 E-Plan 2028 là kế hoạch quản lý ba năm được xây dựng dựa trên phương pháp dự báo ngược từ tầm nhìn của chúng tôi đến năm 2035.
---
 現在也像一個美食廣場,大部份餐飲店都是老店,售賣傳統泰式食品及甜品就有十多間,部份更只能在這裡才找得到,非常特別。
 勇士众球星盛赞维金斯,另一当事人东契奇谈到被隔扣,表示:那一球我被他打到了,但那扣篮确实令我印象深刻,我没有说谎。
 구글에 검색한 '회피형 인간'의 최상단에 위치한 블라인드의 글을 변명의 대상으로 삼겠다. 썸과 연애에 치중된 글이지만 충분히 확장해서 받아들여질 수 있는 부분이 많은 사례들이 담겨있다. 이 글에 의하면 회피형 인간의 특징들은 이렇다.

Task brief. After locating the line holding "現在也像一個美食廣場,大部份" above, output exactly that line and every line after it through the line holding "구글에 검색한 '회피형". Include nothing else.

Answer section.
 現在也像一個美食廣場,大部份餐飲店都是老店,售賣傳統泰式食品及甜品就有十多間,部份更只能在這裡才找得到,非常特別。
 勇士众球星盛赞维金斯,另一当事人东契奇谈到被隔扣,表示:那一球我被他打到了,但那扣篮确实令我印象深刻,我没有说谎。
 구글에 검색한 '회피형 인간'의 최상단에 위치한 블라인드의 글을 변명의 대상으로 삼겠다. 썸과 연애에 치중된 글이지만 충분히 확장해서 받아들여질 수 있는 부분이 많은 사례들이 담겨있다. 이 글에 의하면 회피형 인간의 특징들은 이렇다.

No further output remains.